Material provided:
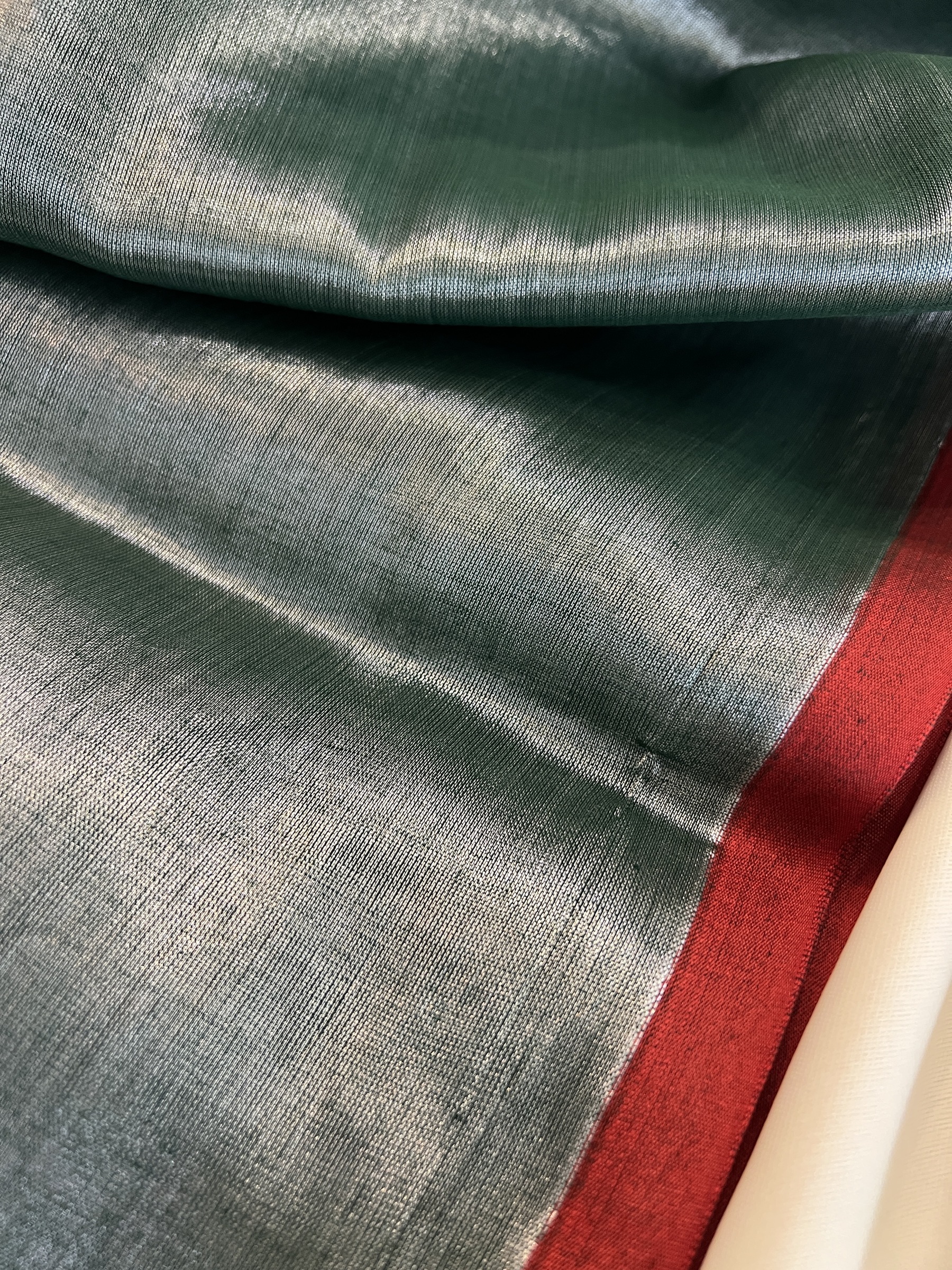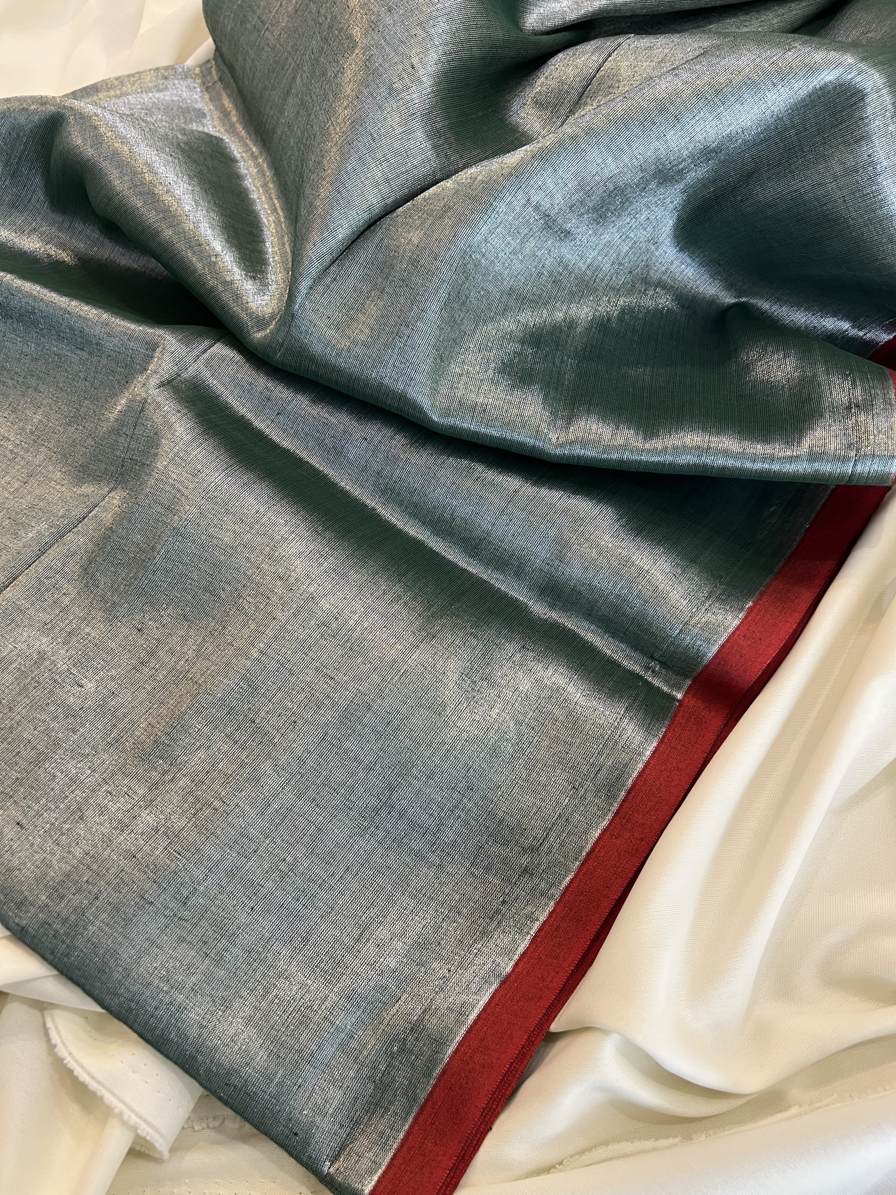 Soft and shimmer tissue cotton saree with contrast colour border and comes with attached running colour blouse material.
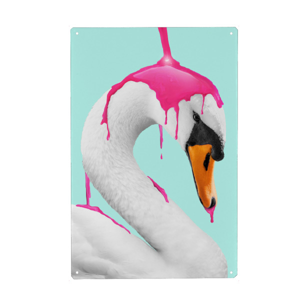 Holzbild "MAKING A FLAMINGO" artboxONE - Tiere,Abstrakt - Swan,Animal,Bird,Funny,Abstract,Surreal,Minimal,Pop art,Contemporary art,Modern art
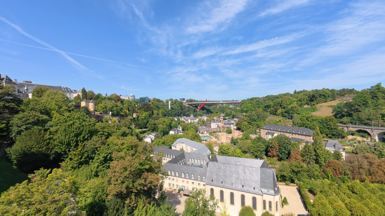 룩셈부르크 시내는 그리 크지 않습니다. 주변 주거 지역들까지 다 합치 면야 크긴 하겠지만 여행객들이 다니는 중심가는 걸어서 금세 둘러볼 수 있지요. 룩셈부르크 시내의 큰 특징으로는 이 도심이 절벽 위에 들어서 있다는 것입니다. 예전에는 외적의 침입을 막기 위해 이런 곳에 도시를 지었었겠지요. 이 절벽 위쪽뿐만 아니라 아래쪽에도 마을이 있습니다. 이 절벽 윗마을과 아랫마을을 연결해 주는 엘리베이터도 갖추고 있어요. 그 엘리베이터 중 하나는 투명한 유리로 바깥을 볼 수 있게 되어 있어 룩셈부르크 아랫마을을 둘러볼 수도 있게 되어있어 관광객들에게 인기가 많습니다.
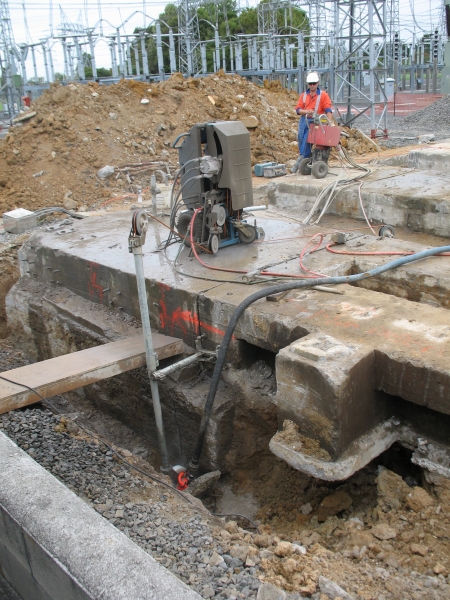 Wire sawing enables concrete to be saw cut to greater depths than conventional cutting with saw blades by using diamond heads on a continuous wire loop. For example concrete plinths can be wire sawed flush with existing floors, large concrete structures removed or cut down with more flexibility such as columns and piles. We have the latest Hi cycle electric wire saw for use in compact areas.
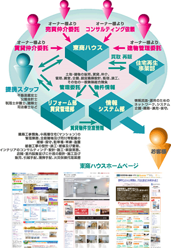 そうした社会環境のなかで、私達東商ハウス株式会社では売買仲介部、賃貸仲介部、ホームサービス事業部、情報システム部、および外部提携スタッフの連携により、プランニング・施工・仲介、さらには物件の管理・税務コンサルティングにいたるまで、不動産に関するあらゆる業務をトータルにサポート。ライフプランナーとしての存在意義をさらに高めています。
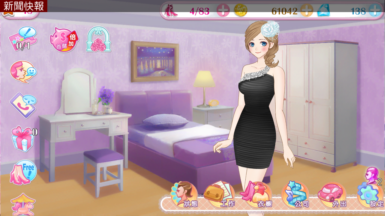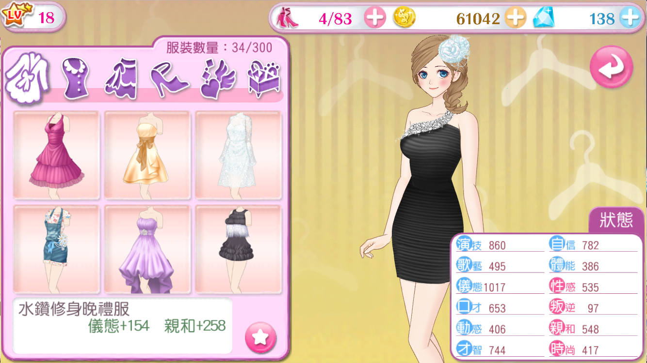 不同於過去制式化的人物造型,此款遊戲可以讓玩家打造出屬於自己的獨特明星模樣。還有多款服裝與配件可以搭配更換,透過換上不同造型,可以增加主角的各項能力數值(如果主角的屬性數值不夠,不能接通告,就用這方式來提升能力吧!)

Assignment:
Starting at the first line of the records and stopping after the line with "art,Contemporary art,Modern art", copy each line exactly; pictures stay out.

Solution below:
 Soft and shimmer tissue cotton saree with contrast colour border and comes with attached running colour blouse material.
 Holzbild "MAKING A FLAMINGO" artboxONE - Tiere,Abstrakt - Swan,Animal,Bird,Funny,Abstract,Surreal,Minimal,Pop art,Contemporary art,Modern art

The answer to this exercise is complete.